* **Task item**: The line with "Dù bạn ở bất" and each line following it, up to the final line of the data, should be set down exactly; pictures stay out.

* **Source material**:
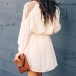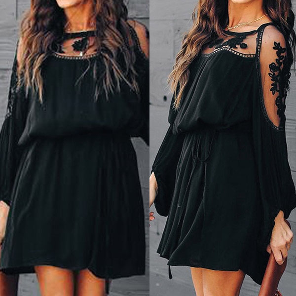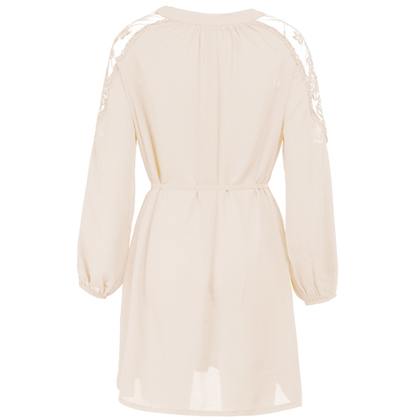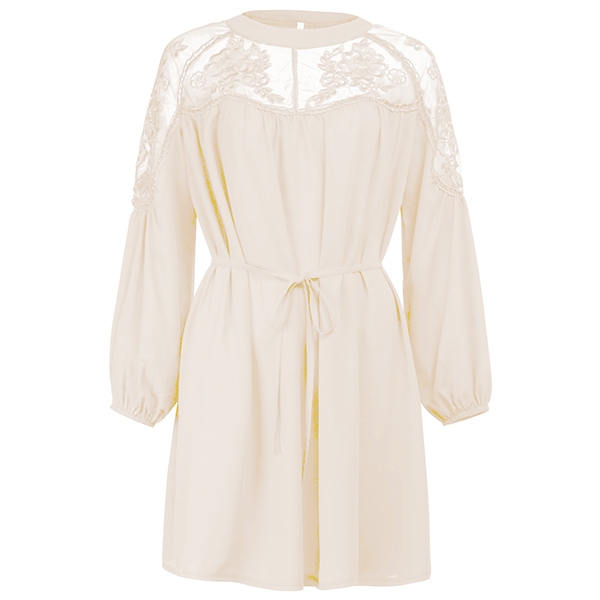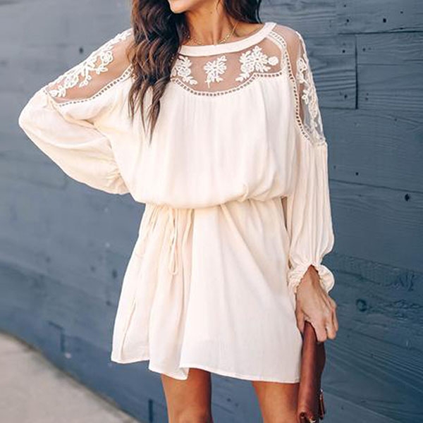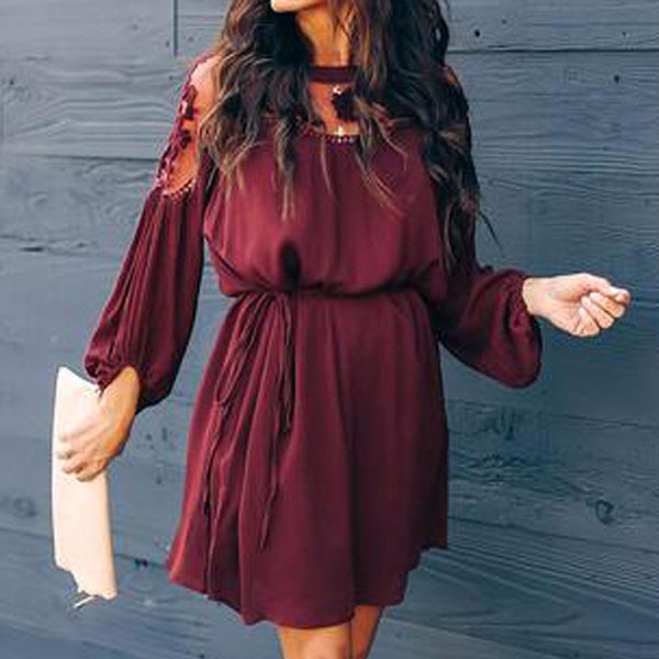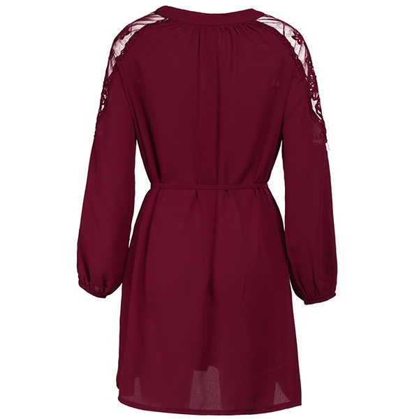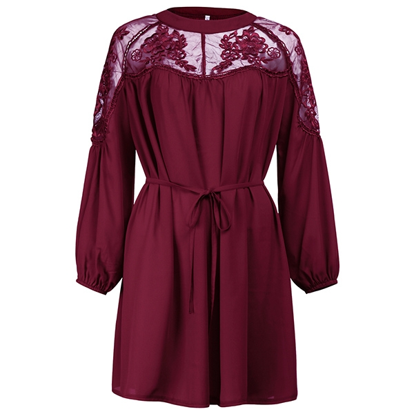 Solid color style,with long sleeve,round neck and gauze spliced design,this dress bears stylish flavor.
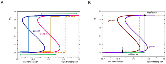 According to these considerations, the dependence of H3K4me3 on the transcription is described by an S-shaped curve (Figure 4, H3K27me3 by a Z-shaped curve). This shape has also been observed experimentally [2]. For low transcription, the modification level mK varies only slightly with T, and thus can be considered as being independent. The same applies to high transcription values. Thus, these regions are associated with regulation of type III. In case the transcription is increased above T2 (decreased below T1) for low (high) transcription, both transcription and the modification state change, i.e., regulation of type I takes place. In the case a gene is transcribed in the range of bi-stability (Figure 4, three solutions exist for m, the intermediate state is unstable), a temporary change of its transcription level can enforce a modification switch. After systems relaxation, only an epigenetic change will be detected and the effective regulation is classified as type II.
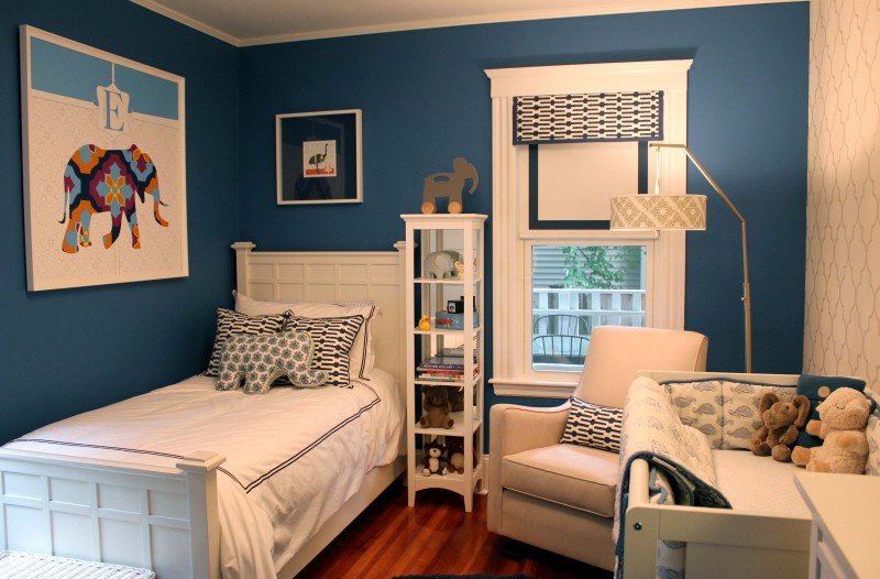 Un bon meuble blanc aura un contraste avec les murs sombres, par exemple le bleu. S'il s'agit d'une chambre de garçon, vous pouvez décorer les murs avec du bleu, les rideaux avec des rayures bleues et blanches et une bibliothèque blanche. Thème marin et très élégant!
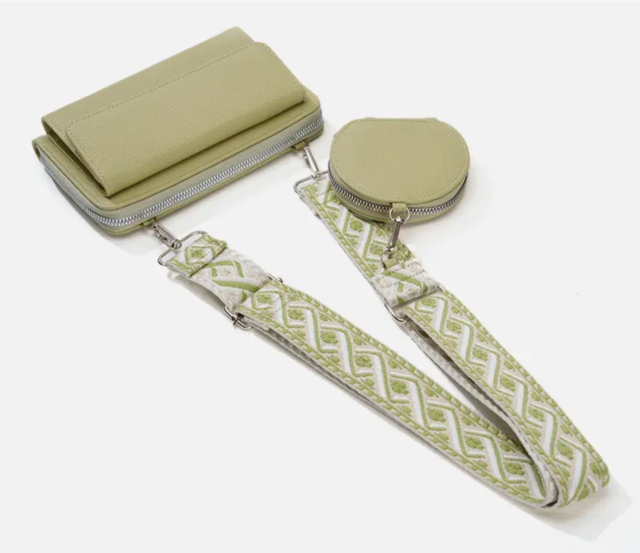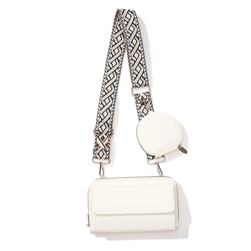 These feature 2 compartments, one with a flap for a phone (larger phones, cases, or accessories may not fit, please check the measurements of your specific phone) and one zip around wallet. It comes with a removable strap!
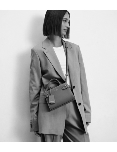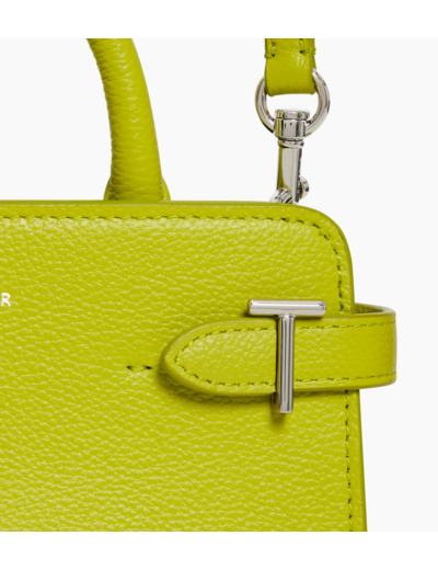 Sac à main mini modèle avec double T métallique signature et charms amovible. Marquage Le Tanneur sur film argenté clair. Porté main, épaule ou croisé grâce à sa bandoulière ajustable et amovible.
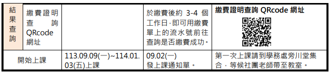 113學年度上學期新生社團繳費,原訂8/30開始,因考量開學繳費項目眾多,為方便家長繳費作業,本學期社團繳費將配合學雜費繳費時間,預計於9/19開始收費。 課程則如期於9/9(一)開始上課。
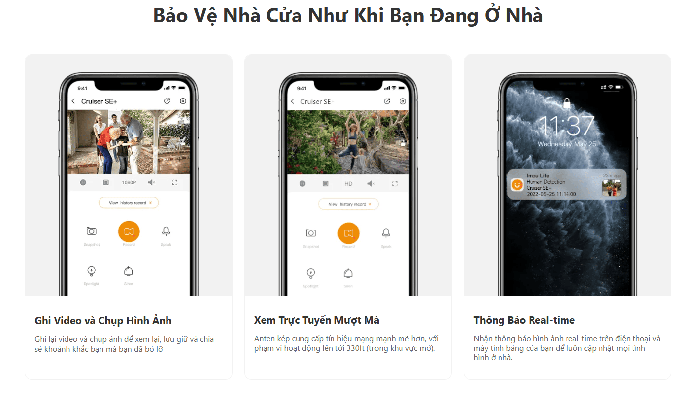 Dù bạn ở bất cứ đâu, camera luôn giám sát và bảo vệ ngôi nhà một cách liên tục, đảm bảo an ninh như khi bạn đang có mặt tại nhà.
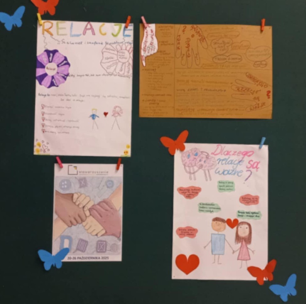 W bibliotece szkolnej można było poczytać książki o relacjach oraz wziąć udział w akcji Przerwa na relacje i zagrać w gry planszowe. Uczniowie mieli też możliwość uczestnictwa w Relacyjnym totolotku i wylosować osobę, z którą mieli spędzić przerwę. Była to okazja do bliższego poznania koleżanki lub kolegi. Uwieńczeniem działań było nagranie przez uczniów i nauczycieli słuchowiska Nikt nie jest samotną wyspą. Było ono oparte na wynikach anonimowej ankiety, przeprowadzonej wśród członków naszej szkolnej społeczności. Podcastu słuchaliśmy wszyscy podczas długiej przerwy.

* **Answer area**:
 Dù bạn ở bất cứ đâu, camera luôn giám sát và bảo vệ ngôi nhà một cách liên tục, đảm bảo an ninh như khi bạn đang có mặt tại nhà.
 W bibliotece szkolnej można było poczytać książki o relacjach oraz wziąć udział w akcji Przerwa na relacje i zagrać w gry planszowe. Uczniowie mieli też możliwość uczestnictwa w Relacyjnym totolotku i wylosować osobę, z którą mieli spędzić przerwę. Była to okazja do bliższego poznania koleżanki lub kolegi. Uwieńczeniem działań było nagranie przez uczniów i nauczycieli słuchowiska Nikt nie jest samotną wyspą. Było ono oparte na wynikach anonimowej ankiety, przeprowadzonej wśród członków naszej szkolnej społeczności. Podcastu słuchaliśmy wszyscy podczas długiej przerwy.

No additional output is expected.